Catherine Moran Ayeni, an attorney in Texas, told CBS News that for her, worse than total silence is when people respond to a "black lives matter" post with the comment "all lives matter."
"It's a very painful kind of silence because it removes our voice," she said. "It doesn't allow us to express our very specific pain... No one would ever go to a breast cancer walk and criticize them for talking about breast cancer. You wouldn't walk up to someone who has experience as a breast cancer survivor or someone who's lost someone from breast cancer, and say, 'How dare you talk about breast cancer? Why not talk about colon cancer? How dare you exclude other cancers?'"
Rachel Lindsay, who famously broke barriers as the first black Bachelorette, said she is taking note of which white friends and public figures have gone silent. And she believes that, in the digital age, it is the duty of public figures to speak out.
"I'm not saying that you have to speak out and have this, you know, this whole spiel about black lives matter," she told CBS News. "I'm not even necessarily saying that I need you to post. But at the bare minimum, a friend would reach out to another friend. 'How are you doing during this time? I'll admit that I've been silent. I'll admit that I've ignored some of the issues that you face as a black person. But I want you to know that I'm your friend and I see you and I hear you.' I am paying attention to friends that aren't doing that."
Ayeni is the mother of a 10-month-old son and she says experiencing recent events through that lens has been viscerally painful.
"I look at my son and I see Tamir Rice. I look at my son and I see Trayvon Martin. I look at my son and I see countless etc etc etc etc boys who were out living, existing, who are treated as a threat... I can tell my child not to wear a hoodie all I want. I can put him in the best schools. I can ensure that he is respectful. And sometimes, it doesn't matter. And that's very difficult as a mother to swallow, to understand that I can't protect him under certain circumstances from people who don't consider us human..."
"And so, when I see people choosing, because they have the privilege to choose, to ignore our pain and our fear and the fact that it feels like half the time we are screaming into a void, and that people are not listening because it makes them uncomfortable," she added. "When I see that, I want to show them a picture of my happy child and say George Floyd was that child.

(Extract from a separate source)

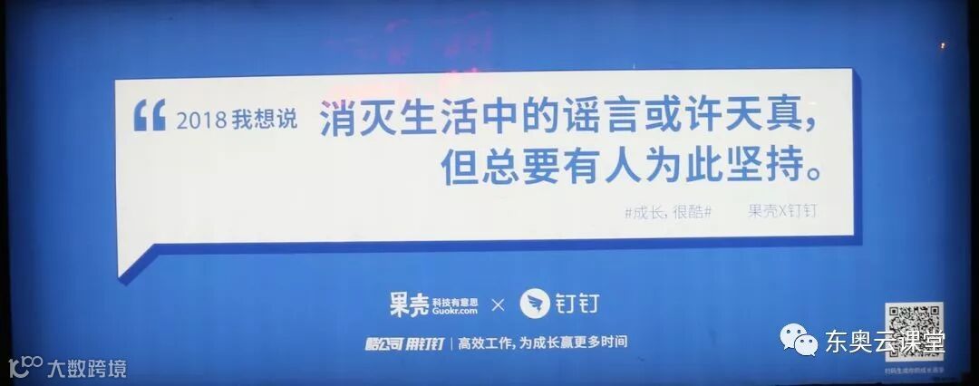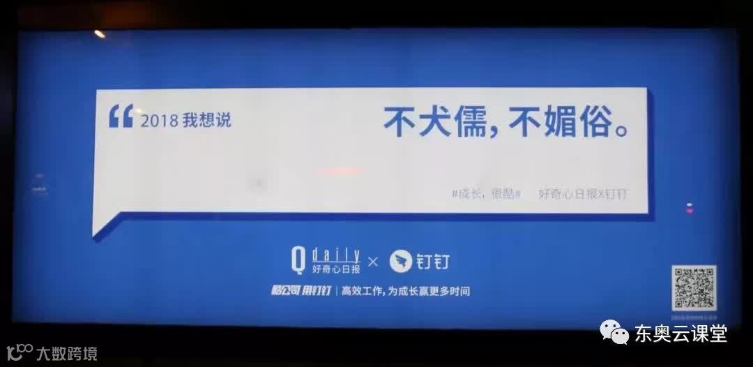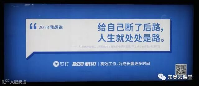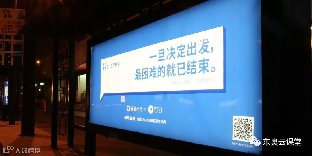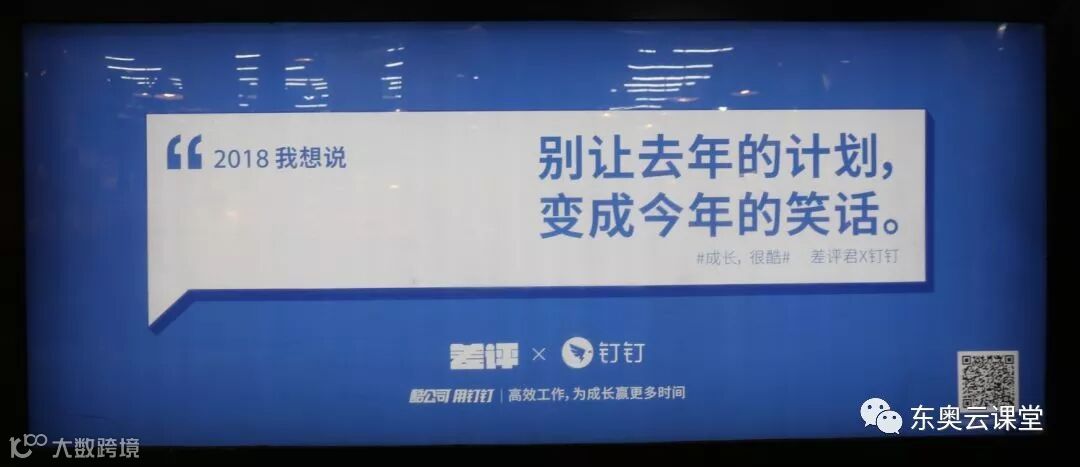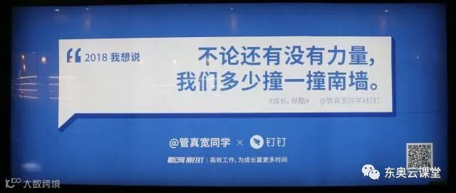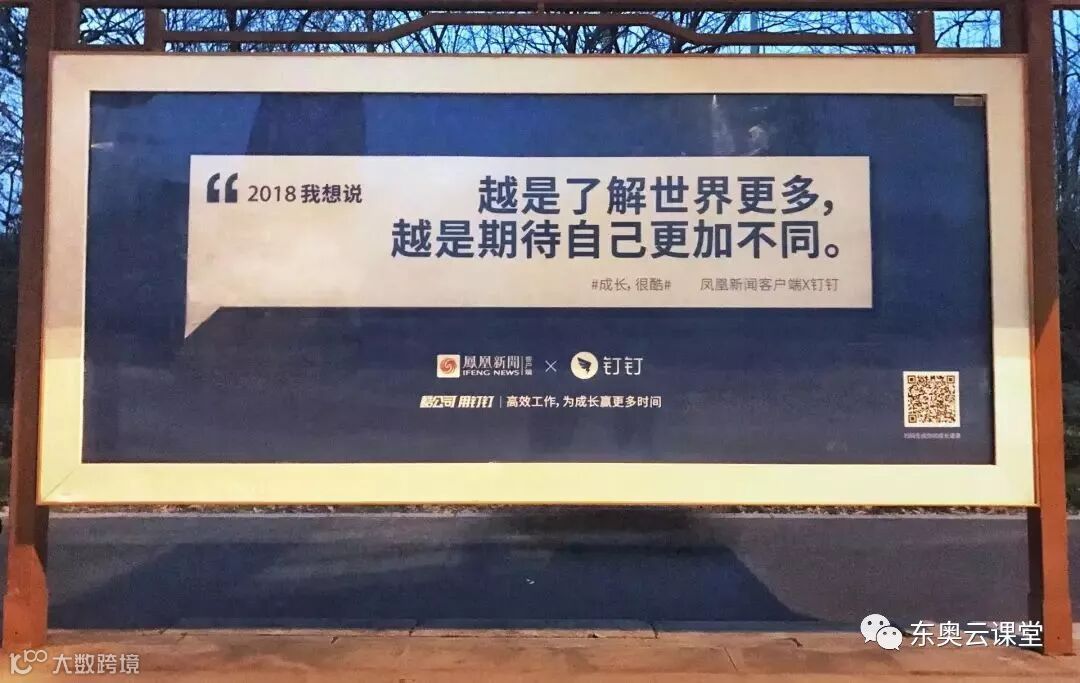 然而,就是在这个“人一励志,上帝就发笑”的风气下,马云的阿里巴巴钉钉却反其道而行之,最近在候车亭投放了一组主题为“成长,很酷”的公交站台广告,联合了60多个品牌、媒体、自媒体展开了一场对于2018年的集体对话,这60余句新年寄语,打动了无数正在奋斗中的人。

Tamir Rice was that child. Breonna Taylor was that child. That is someone's child. And so the very least you can do is acknowledge the pain. The very least you can do is hear us."
The phenomenon of white silence has existed for centuries – long before social media – but the rise of Facebook, Twitter and Instagram has only served to make its presence more palpable.
"White silence is incredibly powerful," said Savala Trepczynski, executive director of the Thelton E. Henderson Center for Social Justice at UC Berkeley. "It's not neutral. It acts like a weapon. It's not even silent. It speaks volumes, right? And the people of color who are around a silent white person, they hear the silence. And they feel it. And they feel what it means, which is: I don't have your back. Or I don't care enough to get uncomfortable to speak out. Or you know, despite the fact that black and brown people have been acting up and protesting on our own behalf for centuries, I still don't quite get it enough to say something."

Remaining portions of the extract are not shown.